--- EXERCISE BRIEF ---
Leave every picture behind and copy the rest of the entries below exactly.
[Start of Attachment]
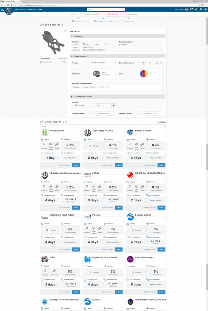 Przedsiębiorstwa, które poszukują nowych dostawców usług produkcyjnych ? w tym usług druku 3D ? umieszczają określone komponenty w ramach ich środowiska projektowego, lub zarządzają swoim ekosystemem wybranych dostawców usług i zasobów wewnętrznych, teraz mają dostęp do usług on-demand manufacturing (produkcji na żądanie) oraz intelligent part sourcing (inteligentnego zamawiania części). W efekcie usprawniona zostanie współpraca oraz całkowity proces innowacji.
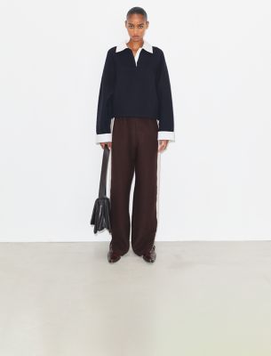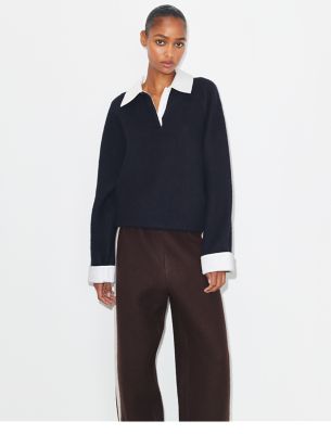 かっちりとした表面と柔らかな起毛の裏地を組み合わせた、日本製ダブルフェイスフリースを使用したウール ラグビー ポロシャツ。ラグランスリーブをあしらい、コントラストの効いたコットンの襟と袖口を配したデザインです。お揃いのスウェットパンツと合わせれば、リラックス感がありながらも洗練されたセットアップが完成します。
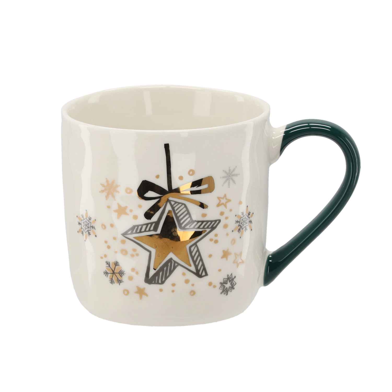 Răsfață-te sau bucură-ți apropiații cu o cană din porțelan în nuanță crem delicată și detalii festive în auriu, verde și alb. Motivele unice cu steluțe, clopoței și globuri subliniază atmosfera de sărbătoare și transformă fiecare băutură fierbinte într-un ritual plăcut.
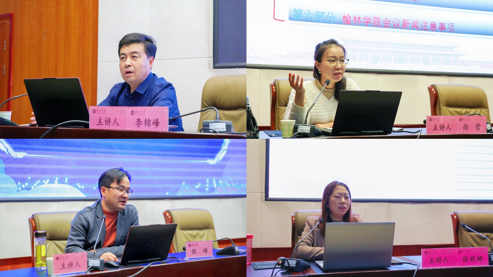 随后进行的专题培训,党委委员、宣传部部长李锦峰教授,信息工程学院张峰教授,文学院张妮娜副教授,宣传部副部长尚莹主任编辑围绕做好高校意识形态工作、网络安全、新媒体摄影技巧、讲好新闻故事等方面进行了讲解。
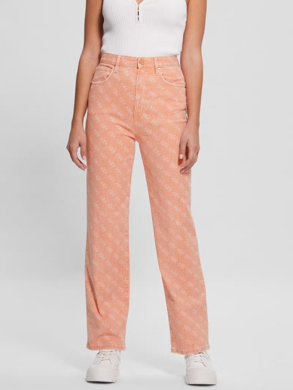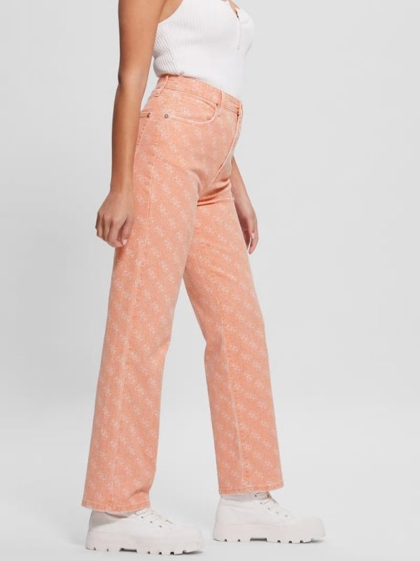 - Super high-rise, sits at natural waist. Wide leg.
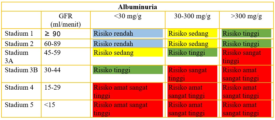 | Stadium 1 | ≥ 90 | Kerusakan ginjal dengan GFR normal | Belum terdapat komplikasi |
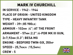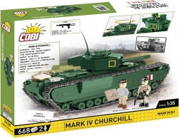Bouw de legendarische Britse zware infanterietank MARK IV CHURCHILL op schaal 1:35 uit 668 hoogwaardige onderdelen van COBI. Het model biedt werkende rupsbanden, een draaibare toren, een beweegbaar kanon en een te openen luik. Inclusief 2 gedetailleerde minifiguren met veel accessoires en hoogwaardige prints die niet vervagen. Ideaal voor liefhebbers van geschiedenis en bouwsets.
[End of Attachment]
--- RESULT OF THIS TASK ---
 Przedsiębiorstwa, które poszukują nowych dostawców usług produkcyjnych ? w tym usług druku 3D ? umieszczają określone komponenty w ramach ich środowiska projektowego, lub zarządzają swoim ekosystemem wybranych dostawców usług i zasobów wewnętrznych, teraz mają dostęp do usług on-demand manufacturing (produkcji na żądanie) oraz intelligent part sourcing (inteligentnego zamawiania części). W efekcie usprawniona zostanie współpraca oraz całkowity proces innowacji.
 かっちりとした表面と柔らかな起毛の裏地を組み合わせた、日本製ダブルフェイスフリースを使用したウール ラグビー ポロシャツ。ラグランスリーブをあしらい、コントラストの効いたコットンの襟と袖口を配したデザインです。お揃いのスウェットパンツと合わせれば、リラックス感がありながらも洗練されたセットアップが完成します。
 Răsfață-te sau bucură-ți apropiații cu o cană din porțelan în nuanță crem delicată și detalii festive în auriu, verde și alb. Motivele unice cu steluțe, clopoței și globuri subliniază atmosfera de sărbătoare și transformă fiecare băutură fierbinte într-un ritual plăcut.
 随后进行的专题培训,党委委员、宣传部部长李锦峰教授,信息工程学院张峰教授,文学院张妮娜副教授,宣传部副部长尚莹主任编辑围绕做好高校意识形态工作、网络安全、新媒体摄影技巧、讲好新闻故事等方面进行了讲解。
 - Super high-rise, sits at natural waist. Wide leg.
 | Stadium 1 | ≥ 90 | Kerusakan ginjal dengan GFR normal | Belum terdapat komplikasi |
Bouw de legendarische Britse zware infanterietank MARK IV CHURCHILL op schaal 1:35 uit 668 hoogwaardige onderdelen van COBI. Het model biedt werkende rupsbanden, een draaibare toren, een beweegbaar kanon en een te openen luik. Inclusief 2 gedetailleerde minifiguren met veel accessoires en hoogwaardige prints die niet vervagen. Ideaal voor liefhebbers van geschiedenis en bouwsets.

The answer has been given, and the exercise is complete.